- ASSIGNMENT
Only the lines from the one containing "パステルチェックダブルポケットビッグシャツ 1col R01709" to the end of the material are to be copied, exactly and in full; images stay out.

- THE DATA
>>>>

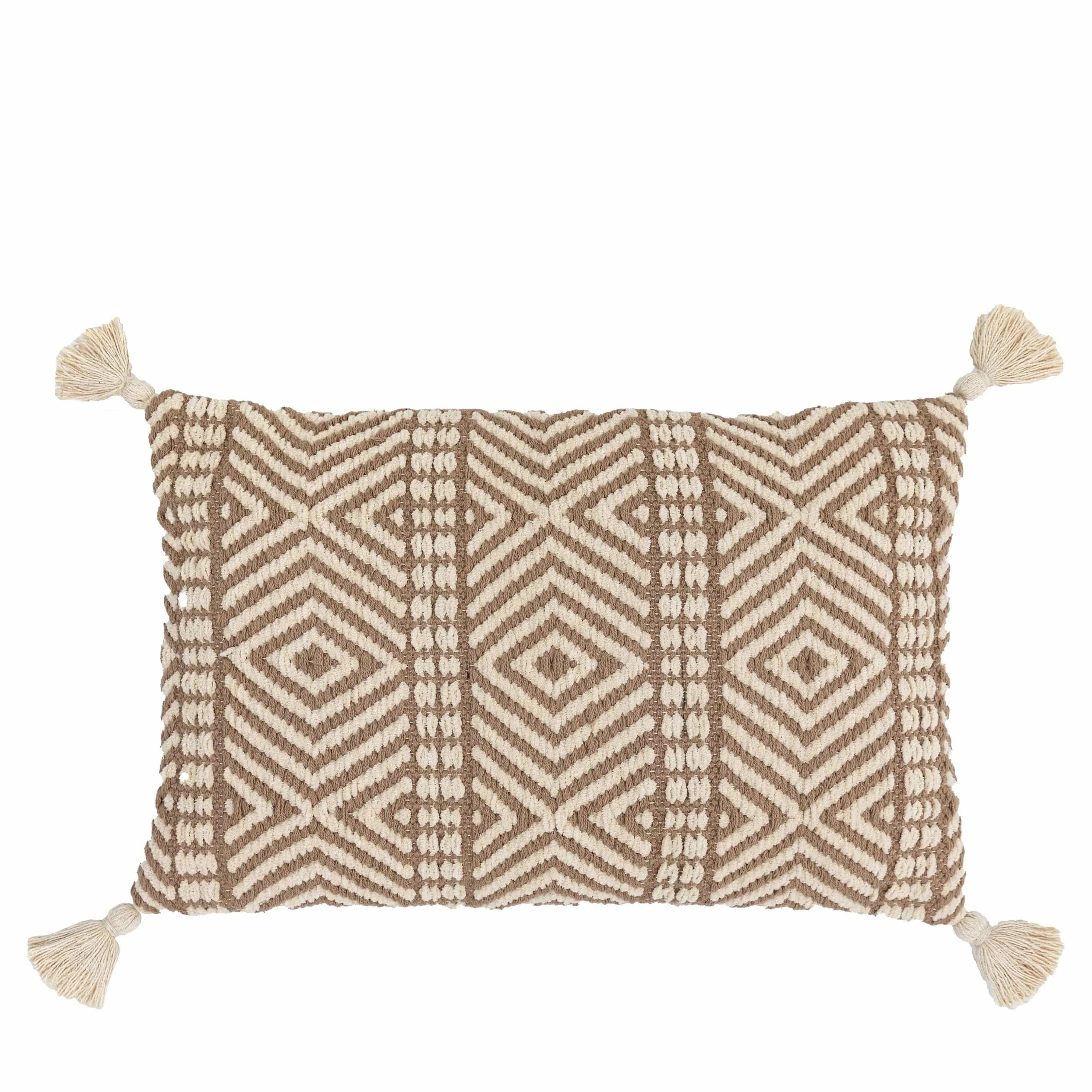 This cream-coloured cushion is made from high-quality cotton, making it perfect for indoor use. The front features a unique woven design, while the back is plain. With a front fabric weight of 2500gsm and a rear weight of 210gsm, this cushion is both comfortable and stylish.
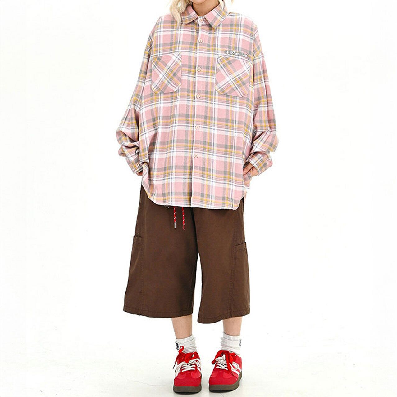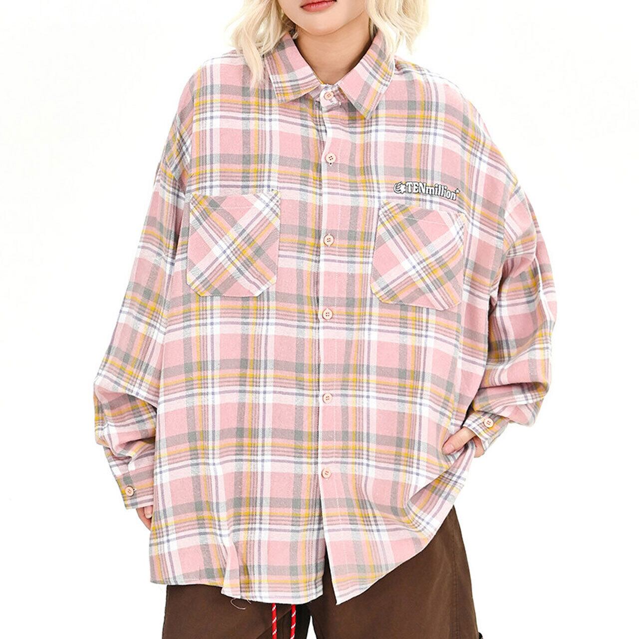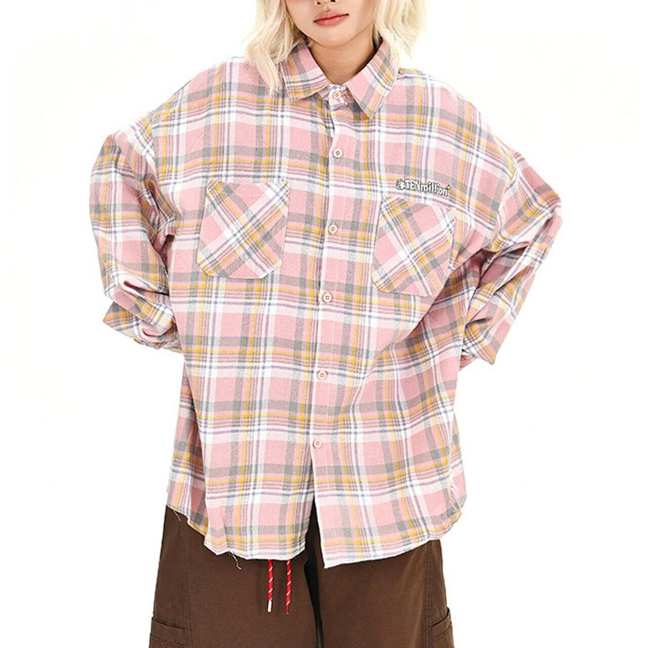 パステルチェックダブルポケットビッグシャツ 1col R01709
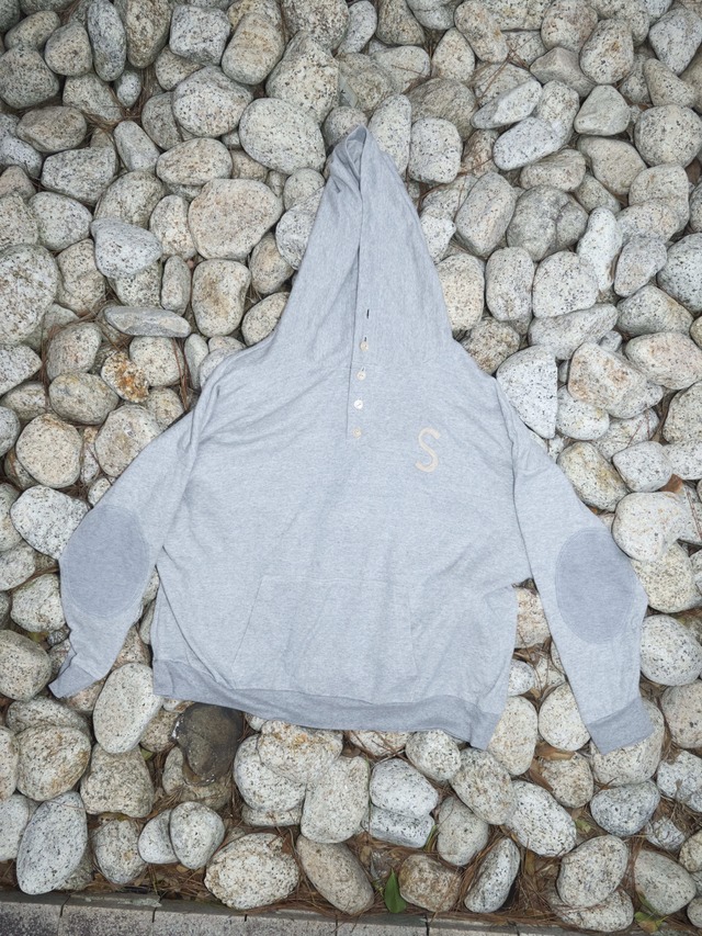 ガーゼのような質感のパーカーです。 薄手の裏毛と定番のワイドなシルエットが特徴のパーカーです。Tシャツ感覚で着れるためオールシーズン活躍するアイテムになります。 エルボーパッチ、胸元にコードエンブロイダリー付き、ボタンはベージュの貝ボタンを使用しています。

<<<<

- FINAL ANSWER
 パステルチェックダブルポケットビッグシャツ 1col R01709
 ガーゼのような質感のパーカーです。 薄手の裏毛と定番のワイドなシルエットが特徴のパーカーです。Tシャツ感覚で着れるためオールシーズン活躍するアイテムになります。 エルボーパッチ、胸元にコードエンブロイダリー付き、ボタンはベージュの貝ボタンを使用しています。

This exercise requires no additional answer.